Шарок молча соглашался. Спорить бесполезно и опасно. Хотя и допускал, что осторожный Шпигельглас ругает Запад специально для него. А может быть, он просто нервничал, такое тоже иногда казалось Шароку. Несколько раз, просыпаясь ночью, Шарок видел, что Шпигельглас не спит, стоит ссутулившись у окна, смотрит на улицу. Да и днем замечал, как временами Шпигельглас теряет контроль над собой, глаза суживались, губы сжимались. Думает, наверное: бездельничают тут, а чем кончится операция, неизвестно. В такие моменты Шароку хотелось поскорее вернуться в Москву, убраться из Парижа подобру-поздорову.

Через неделю они ждали Скоблина на той же веранде в том же «Отеле путешественников».

На этот раз он не опоздал.

Веранда была опять пуста, и они уселись за тем же столиком.

Скоблин вынул из портфеля красную папку, положил перед Шнигельгласом.

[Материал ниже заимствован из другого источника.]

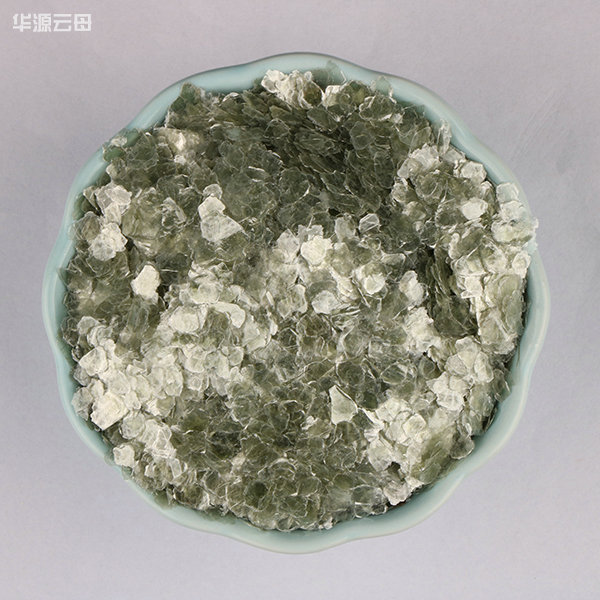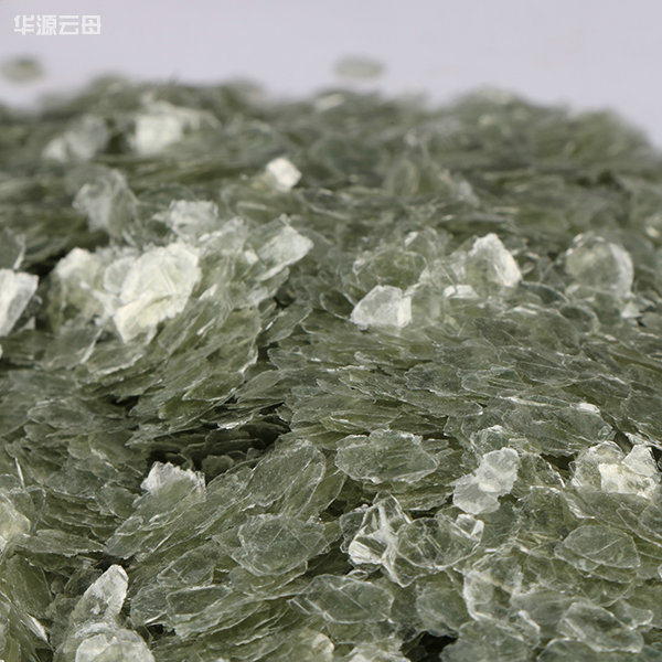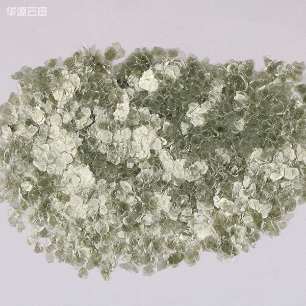 綠云母主要結晶成單斜晶系,晶體呈假六方薄片狀、鱗片狀、板狀,有時呈假六方柱狀。硬度2-3,比重2.70-3.20。云母的折射率隨鐵的含量增高而相應增高,可由低正突起至中正突起。不含鐵的變種,薄片中無色,含鐵愈高時,顏色愈深,同時多色性和吸收性增強。綠云母含鐵量低,是優良的絕緣材料。同時,綠云母色澤艷麗明亮,其中部分帶有天然形成的規則幾何圖形,所以近年來大量用于特種涂料行業。

Шпигельглас чуть придвинул ее к Шароку, чтобы и он мог видеть, открыл. Но документы были на немецком языке, и Шарок ничего не понял. Только один документ был на русском – письмо Тухачевского о том, что надо избавиться от политиков и захватить власть. Потом пошли документы со столбцами цифр, и всюду подписи Тухачевского – видимо, его расписки в получении денег за шпионаж. Увидел Шарок в папке фотографию Троцкого с немецкими военными чинами.

Не закрывая папки, Шпигельглас спросил:

– Это все?

– Все, – ответил Скоблин.

– Здесь документы только на Тухачевского. А остальные?

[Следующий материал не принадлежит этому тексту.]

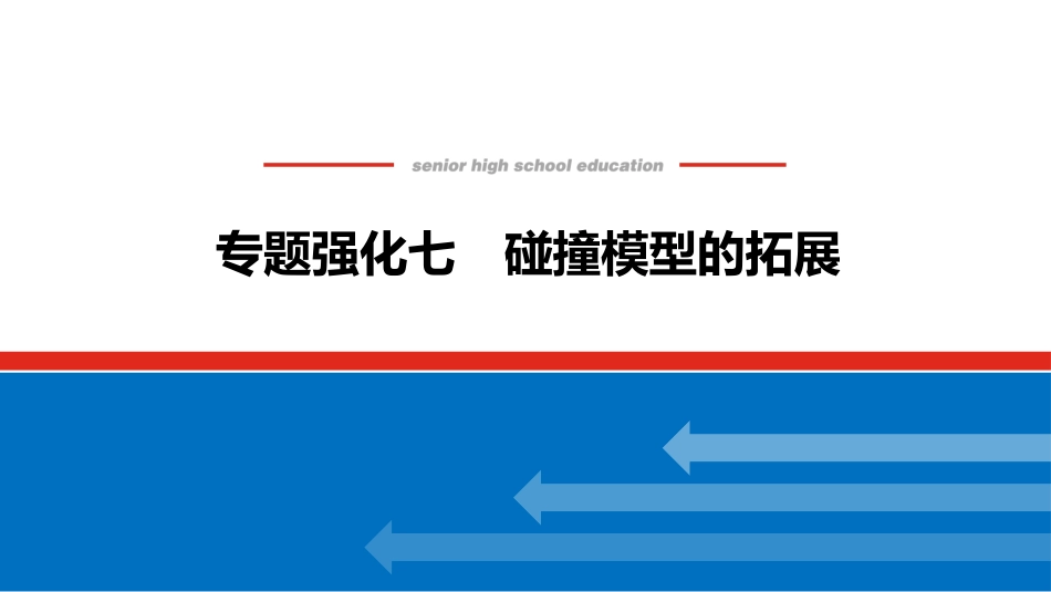 专题强化七碰撞模型的拓展1.会分析、计算“滑块—弹簧”模型有关问题.2.理解“滑块—斜(曲)面”模型与碰撞的相似性,会解决相关问题.3.会用动量观点和能量观点分析计算“子弹打木块”.考点一考点二考点三考点一考点一“滑块—弹簧”模型1.模型图示2.模型特点(1)动量守恒:两个物体与弹簧相互作用的过程中,若系统所受外力的矢量和为零,则系统动量守恒.(2)机械能守恒:系统所受的外力做功为零,除弹簧弹力以外的内力不做功,系统机械能守恒.(3)弹簧处于最长(最短)状态时两物体速度相等,弹性势能最大,系统动能通常最小(相当于完全非弹性碰撞,两物体减少的动能转化为弹簧的弹性势能).例1[2024·山日照市模东拟]A、B小球止在光滑水平面上,两静用水平簧相接,轻弹连A、B球的量分两质别为m和M(m<M).若使A球得瞬速度获时v(如甲图),簧到最短的度弹压缩时长为L1;若使B球得瞬速度获时v(如乙图),簧到最短的度弹压缩时长为L2,则L1与L2的大小系关为()A.L1>L2B.L1<L2C.L1=L2D.不能确定答案:C答案:ACD考点二考点二“滑块—斜(曲)面”模型1.模型图示答案:ACD答案:AD考点三考点三“滑块—木板”模型模型图示模型特点例5如图所示,在光滑的水平桌面上静止放置一个质量为980g的长方形匀质木块,现有一颗质量为20g的子弹以大小为300m/s的水平速度沿木块的中心轴线射向木块,最终留在木块中,和木块一起以共同的速度运动.已知木块沿子弹运动方向的长度为10cm,子弹打进木块的深度为6cm.设木块对子弹的阻力保持不变.(1)求子弹和木块的共同速度以及它们在此过程中所产生的内能.(2)若子弹是以大小为400m/s的水平速度从同一方向水平射向该木块,则在射中木块后能否射穿该木块?(1)求木板刚接触弹簧时速度v1的大小及木板运动前右端距弹簧左端的距离x1;(2)求木板与弹簧接触以后,物块与木板之间即将相对滑动时弹簧的压缩量x2及此时木板速度v2的大小;(3)已知木板向右运动的速度从v2减小到0所用时间为t0.求木板从速度为v2时到之后与物块加速度首次相同的过程中,系统因摩擦转化的内能ΔU(用t0表示).[解教你决问题]解审题图过程1:m1、m2成的系量守恒,由量守恒定律、牛第组统动动顿二定律和公式解;运动学题过程2:m1、m2成的系在簧力作用下速,由牛第二组统弹弹减顿定律和系能定理解;统动题过程3:m1、m2分以不同的加速度速,然后反向以不同的加别减速度加速,直到加速度相同,由量定理和系能量守恒定律解.动统题核心素养提升答题要规范,得分有技巧1.在书写答案时,应采用简洁的文字说明与方程式相结合的方式.2.在解题过程中,必须使用题目中给出的物理量,若题目中未给出某些物理量,则需根据题意设定,并明确其物理含义,且采用通用的符号表示.3.在列方程式时,应使用原始公式,不应使用导出公式而导致失分.4.在列方程式时,应分步进行,不要列综合式或连等式,因阅卷时是要按式给分.5.在解答过程中,应准确写出表达式和结果,而不必写出代入数据和运算过程.6.若遇到实在不会做的题目,可以将题中可能用到的公式全部列出,评分时可能据所列出的公式是否正确,“踩点”给分.典例在竖直平面内,质量为m1=0.1kg的小球A用长为l=0.5m的不可伸长的细线悬挂于O点,光滑水平地面到O点的距离为h=0.5m,在O点正下方放置一质量为m2=0.1kg的小球B.C为一固定的半径为R=0.1m的光滑半圆弧槽.把小球A拉到如图所示位置,细线恰好伸直,且细线与竖直方向的夹角α=37°.由静止释放小球A,当细线再次伸直时,小球沿细线方向的速度瞬间变为0.两小球的碰撞为弹性碰撞,且两球都可视为质点,忽略空气阻力,取g=10m/s2,sin37°=0.6,cos37°=0.8.(1)求小球A由静止释放后,细线再次伸直前瞬间,小球A的速度大小;(2)判断小球B能否到达半圆弧槽最高点D,如果不能,请说明理由;如果能,求出小球B对半圆弧槽D点的压力大小.[解教你决问题]

– Я вам говорил: потребуется не менее двух месяцев. Они подтвердили этот срок. Ничего изменить нельзя.

Помедлив, Шпигельглас сказал:

– Хорошо. Вернее, очень нехорошо. Но положение, видимо, безвыходное. Так я понимаю?

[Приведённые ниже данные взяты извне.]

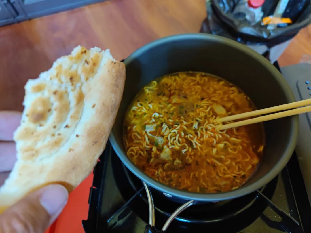 兄弟高反没有胃口,我就给自己煮了包面,配上馕。

– Почему же безвыходное? – возразил Скоблин. – Ровно через два месяца вы будете иметь материал на остальных.

– Пусть делают, – хмуро произнес Шпигельглас, – по обычным каналам сообщите точную дату и место нашей встречи. Через два месяца, не позже. Раньше – еще лучше. Приеду я или господин Шаровский, возможно, мы опять приедем вместе.

Счет лежал на столе. Шпигельглас всмотрелся, вынул бумажник, положил на тарелочку деньги, подумал, добавил еще пару монет.

18

1 Мая 1937 года Сталин стоял на трибуне Мавзолея, принимал военный парад.

Солнце уже поднялось над храмом Василия Блаженного, освещая здание ГУМа с ЕГО громадным портретом на фасаде. Было тепло, все сияло, блестело, сверкало, гремели оркестры. Первыми, построенные в длинные ровные шеренги, прошагали по Красной площади слушатели военных академий, промаршировала пехота со штыками наперевес, процокала копытами конница по брусчатке мостовой, вслед за ней, со стороны Исторического музея, вползли на площадь танки. ЕГО армия, мощная и непобедимая, ИМ оснащенная, ИМ вооруженная. ОН индустриализировал, ОН реконструировал страну, построил крупнейшие в мире заводы и фабрики, превратил лапотную Россию в мировую державу.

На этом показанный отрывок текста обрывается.